分词器，默认为standard analyzer，当该字段被索引和搜索时对字段进行分词处理
一般我们处理中文会选择ik分词器 ik_max_word, ik_smart
当我们进行全文本搜索的时候，会将检索的内容先进行分词，然后再进行匹配。默认情况下，检索内容使用的分词器会与字段指定的分词器一致，但如果设置了 search_analyzer，检索内容使用的分词器将会与 search_analyzer 设定的一致。

PUT analyzer_index
{
  "mappings": {
    "properties": {
      "name": {
        "type": "text",
        "analyzer": "simple", 
        "search_analyzer": "standard" 
      }
    }
  }
}

null_value

需要对null进行搜索
只有keyword类型支持设定null_value

如果需要对 null 值实现搜索的时候，需要设置字段的 null_value参数。

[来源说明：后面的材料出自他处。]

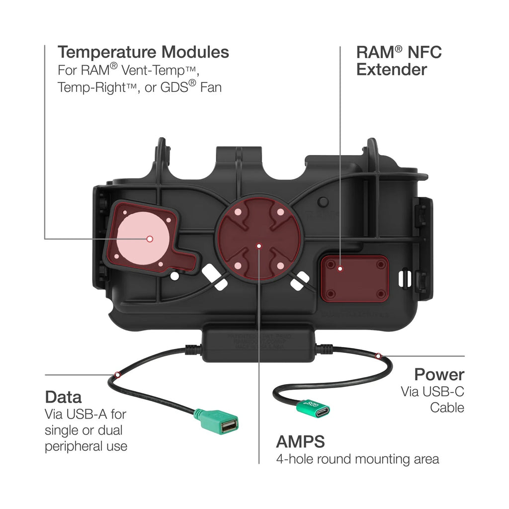 - Compatible with most RAM® dock accessories including Temperature Control Accessories, RAM® NFC Extender, GDS® Roto-Mag™, and side accessory attachments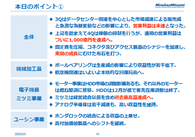 3Qは、10-11月は堅調だったものの、12月に突然のスローダウンがありました。ベアリング、HDD向けモーター、バックライト、半導体、ゲーム、OISなど、程度の差はあるものの、当社の収益基盤がおしなべてスローダウンしてしまった状態でした。

null_value 参数默认值为 null，其允许用户使用指定值替换空值，以便它可以索引和搜索。
需要注意的是，null_value 只决定数据是如何索引的，不影响 _source 的内容, 并且 null_value 的值的类型需要与字段的类型一致，例如一个 long 类型的字段，其 null_value 的值不能为字符串。使用 “NULL” 显式值来代替 null，使用示例如下：

# 创建索引
PUT null_value_index
{
  "mappings": {
    "properties": {
      "id": { "type": "keyword" },
      "email": {
        "type": "keyword",
        "null_value": "NULL" # 使用 "NULL" 显式值
      }
    }
  }
}

# 插入数据
PUT null_value_index/_doc/1
{
  "id": "1",
  "email": null
}

# 查询空值数据
GET null_value_index/_search
{
  "query": {
    "term": { "email": "NULL" } # 使用显式值来查询空值的文档
  }
}

coerce

数据并不总是干净的。根据它的生成方式，数字可能会在JSON正文中呈现为真正的JSON数字，例如5，但它也可能呈现为字符串，例如”5”。或者，应该是整数的数字可以替代地呈现为浮点，例如5.0，或甚至”5.0”。

强制尝试清除脏值以适合字段的数据类型。例如：

字符串将被强制转换为数字。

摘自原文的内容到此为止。